As researchers continued to debate the law’s effectiveness at lowering crime rates, voters soured on the legislation, electing in 2012 to amend sentencing rules so that the third strike was restricted to felonies that were categorized as violent or serious. Two years later, a referendum was passed to reduce many nonviolent offenses from felonies to misdemeanors.
The changes disappointed Mr. Reynolds, who attributed rising crime rates to weakened sentencing laws, and who argued that repeat offenders only had themselves to blame when they found themselves sentenced to decades in prison.
“All they have to do is stop doing crime,” he told NPR in 2009. “That’s all we ask. And they’ll never be charged under three strikes. I don’t think that’s too much to ask.”
The younger of two sons, Michael Walker Reynolds was born in Fresno on Feb. 29, 1944. His mother was a nurse, and his father worked at National Cash Register.

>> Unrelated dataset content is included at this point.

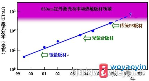 由于上述的技術(shù)原因,滿足高速成像和已有激光器發(fā)光波長匹配的要求成為早期直接制版首先需要解決的技術(shù)問題,所以歷史上首先登臺的是光敏直接制版技術(shù),并成為1996年及以前市場的主流技術(shù)。當時使用的是倍頻的YAG激光(632nm)或氬離子激光(488nm)和銀鹽直接版材(包括銀鹽與PS版結(jié)合的版材)。不過,這種狀況很快就被高功率、性能穩(wěn)定的半導體紅外激光器(即,所謂的IR-LD,發(fā)光波長為830nm,功率高達數(shù)百毫瓦~數(shù)瓦)和配套的多光束掃描成像技術(shù)(如行業(yè)法規(guī),光柵光閥技術(shù):GLV)的出現(xiàn)打破,大約從1997年開始,采用830nm紅外激光光源的熱敏直接制版技術(shù)迅速成為直接制版技術(shù)的主流,市場占有率超過了光敏直接制版技術(shù),這種狀況一直延續(xù)到今天。高功率的830nm紅外激光器和配套的多光束掃描技術(shù)掩蓋了熱敏成像低敏感度的缺點,突出了其優(yōu)秀的二值影像和操作性能,這是熱敏直接版材成為市場主流的最重要原因。但是,上世紀90年代末期出現(xiàn)的半導體紫激光器(即所謂的UV-LD)為這個趨勢添加了另外一個制衡因素,因為UV-LD也屬于基于半導體技術(shù)的固體激光器,具有半導體激光的所有優(yōu)點,而且發(fā)光波長在藍紫光范圍(發(fā)光波長一般在390~410nm,典型波長為405nm),成像材料開發(fā)相對容易(傳統(tǒng)的PS版材也在這個范圍敏感)。UV-LD剛出現(xiàn)時功率非常低,只有數(shù)毫瓦的水平,僅僅滿足銀鹽版材的掃描成像要求;到2003年左右功率已經(jīng)提升到數(shù)十毫瓦的水平,適合于包括光聚合版材在內(nèi)的掃描成像要求;到2006年左右功率已經(jīng)提高到超過100毫瓦,甚至傳統(tǒng)PS版材也滿足了直接掃描成像的要求。圖3是從目前相關(guān)報道中摘取的UV-LD激光器功率(對數(shù))與時間的關(guān)系圖,功率的對數(shù)值與時間呈明顯的顯性關(guān)系,進入830nm半導體紅外激光器的功率范圍也許只是一個時間問題(如虛線剪頭所示),盡管還需要相應(yīng)的數(shù)據(jù)來考證,但其功率已經(jīng)提高到甚至滿足傳統(tǒng)PS版成像要求具有非常現(xiàn)實和重要的意義。這一事實的另外一個解釋就是,傳統(tǒng)的PS版在感色范圍和敏感度上已基本滿足UV-LD直接掃描成像的要求,隨著UV-LD激光器功率的進一步提高,也許在不遠的將來完全有可能成為一種主流的直接版材。對我國廣大的PS版材生產(chǎn)企業(yè)而言,提高PS版敏感度和性能的穩(wěn)定性具有非常重要的意義,會使PS版材的壽命得到延續(xù),在CTP技術(shù)時代也可以找到自身的位置,繼續(xù)發(fā)揮作用。不管是光敏還是熱敏直接版材技術(shù)都經(jīng)過了相似的發(fā)展歷程,具有相近的發(fā)展目標,從顯影前需要烤版(預熱)的第一代版材,發(fā)展到顯影前不需要烤版的第二代版材,目前正在向免化學處理">免化學處理的第三代(即,顯影等后處理不需要使用化學試劑,使用中性水即可)和免后處理的第四代(激光掃描成像后無需任何后處理即可使用的版材)的方向發(fā)展,即,向操作更加簡便、更加環(huán)保的方向發(fā)展。

Mr. Reynolds started his own business at 18, according to his wife, and studied at Fresno City College for two years before dropping out to focus on his photography career. In addition to his son Michael and his wife of 54 years, the former Sharon Fandel, survivors include another son, Christopher, and four grandchildren.
For more than three decades after their daughter’s murder, Mr. Reynolds and his wife sought to remain close to Kimber’s memory, visiting her gravesite each week and sleeping each night with her teddy bear in their bed.
“There isn’t a day that goes by that I don’t think of my daughter,” Mr. Reynolds told the Guardian in 2014. “I have two sons and four grandchildren. When I hug them, I feel I can hear Kimber’s voice in there.”